Dans ce tableau, autour de l’échange de regards, de la conversation engagée entre la peinture et la peintre, il y a des photographes. Pour moi, ils ne captent pas du tout le moment. Quand on regarde le tableau de près, on peut voir qu’ils ne sont pas en train de photographier la peintre. Leurs objectifs sont dirigés ailleurs. Ils sont là, ils essayent de capturer quelque chose mais ils sont dans une temporalité qui est complètement différente de la temporalité au long cours de la peinture. La photographie est une obturation instantanée.
Avec cette scène, une technique s’est imposée à moi. J’ai peint les photographes à la brosse sèche, sans eau, je les ai peints avec la rudesse de cet outil et, à l’opposé, j’ai peint les figures centrales d’une façon beaucoup plus délicate, avec un pinceau en poil de martre !
Par ailleurs, ce qui est intéressant pour moi dans ce tableau, ce qui en fait un tableau très important dans mon parcours, c’est qu’il y a le début des lettres en réserve que j’ai exploitées de diverses manières par la suite. Il y a déjà tout ce langage ; il est en vrac parce qu’il ne compose pas de mots mais il est là. La scène se déroule sur fond de langage et ce sont des lettres réalisées au pochoir c’est-à-dire que ce sont des lettres en creux, celles qui me mèneront plus tard aux sculptures Matrices et à la question des moules de lettres. Ce tableau annonce toute la suite.

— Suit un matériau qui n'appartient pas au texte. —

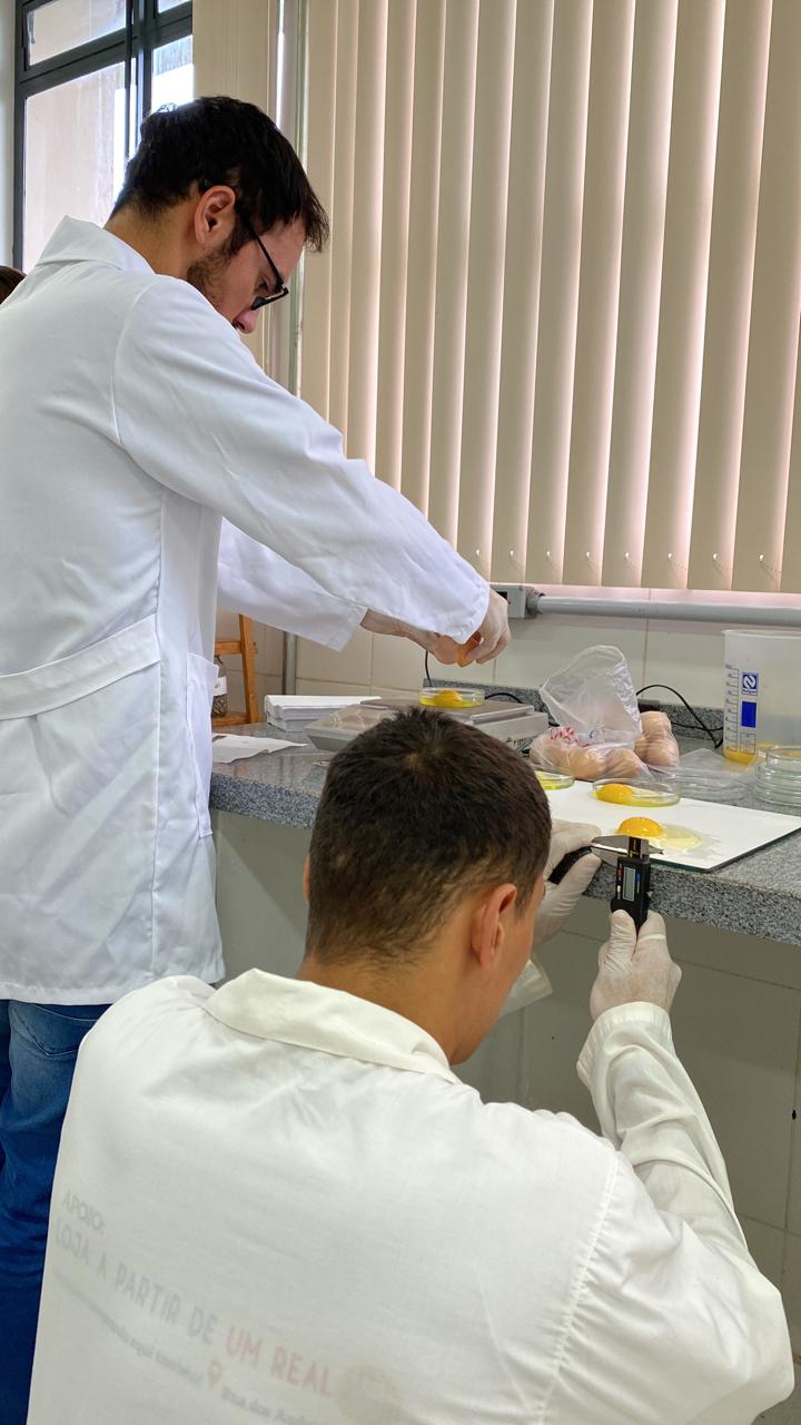 Bolsistas do Gepav analisam qualidade interna de ovos oriundos do sistema caipira

Mais en attendant, il y a effectivement cette référence à la figure du bar aux Folies Bergère de Manet sauf que là, nous sommes avant le tableau du bar. Nous assistons au moment où le peintre peint. Nous sommes avant l’achèvement de cette peinture. C’est la relation avec cette figure centrale de la peinture que j’ai voulu figurer.